§ **Data to use**
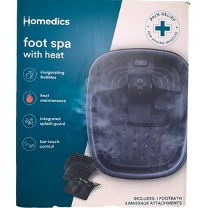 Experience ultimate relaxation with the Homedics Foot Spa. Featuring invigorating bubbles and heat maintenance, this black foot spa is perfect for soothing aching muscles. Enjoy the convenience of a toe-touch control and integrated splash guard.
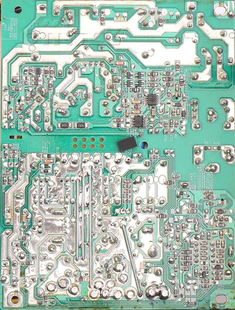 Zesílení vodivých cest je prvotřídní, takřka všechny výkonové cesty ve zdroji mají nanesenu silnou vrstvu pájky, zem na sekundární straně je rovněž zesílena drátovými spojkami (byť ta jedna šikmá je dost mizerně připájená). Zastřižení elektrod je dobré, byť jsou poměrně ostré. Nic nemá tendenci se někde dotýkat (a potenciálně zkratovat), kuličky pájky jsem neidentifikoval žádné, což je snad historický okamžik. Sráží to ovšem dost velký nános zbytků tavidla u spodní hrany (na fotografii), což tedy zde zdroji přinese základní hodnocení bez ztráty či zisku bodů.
---
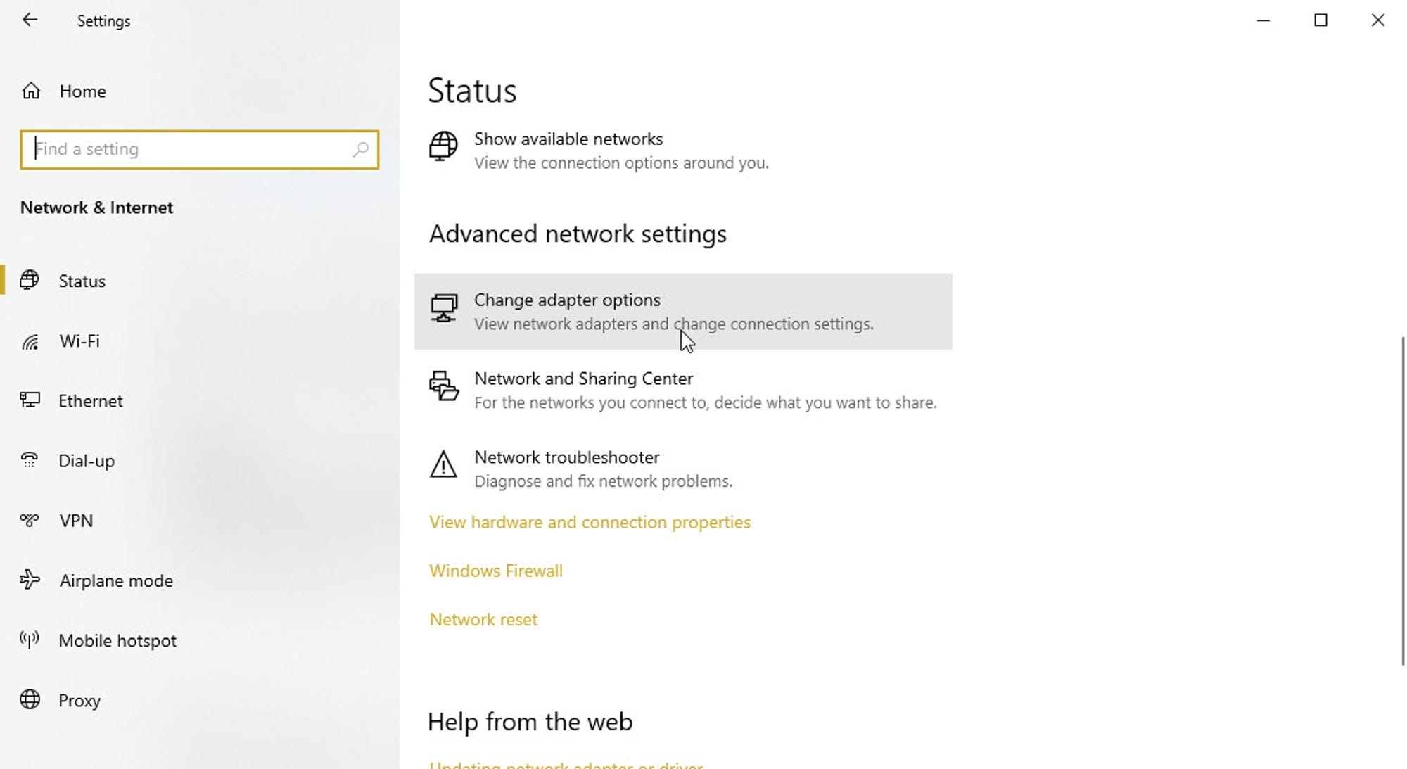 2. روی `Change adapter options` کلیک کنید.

§ **Problem description**
Starting at the line above that contains "Experience ultimate relaxation", transcribe every line exactly through the line that contains "Zesílení vodivých cest", including that last one, and skip the pictures.

§ **Finished task**
 Experience ultimate relaxation with the Homedics Foot Spa. Featuring invigorating bubbles and heat maintenance, this black foot spa is perfect for soothing aching muscles. Enjoy the convenience of a toe-touch control and integrated splash guard.
 Zesílení vodivých cest je prvotřídní, takřka všechny výkonové cesty ve zdroji mají nanesenu silnou vrstvu pájky, zem na sekundární straně je rovněž zesílena drátovými spojkami (byť ta jedna šikmá je dost mizerně připájená). Zastřižení elektrod je dobré, byť jsou poměrně ostré. Nic nemá tendenci se někde dotýkat (a potenciálně zkratovat), kuličky pájky jsem neidentifikoval žádné, což je snad historický okamžik. Sráží to ovšem dost velký nános zbytků tavidla u spodní hrany (na fotografii), což tedy zde zdroji přinese základní hodnocení bez ztráty či zisku bodů.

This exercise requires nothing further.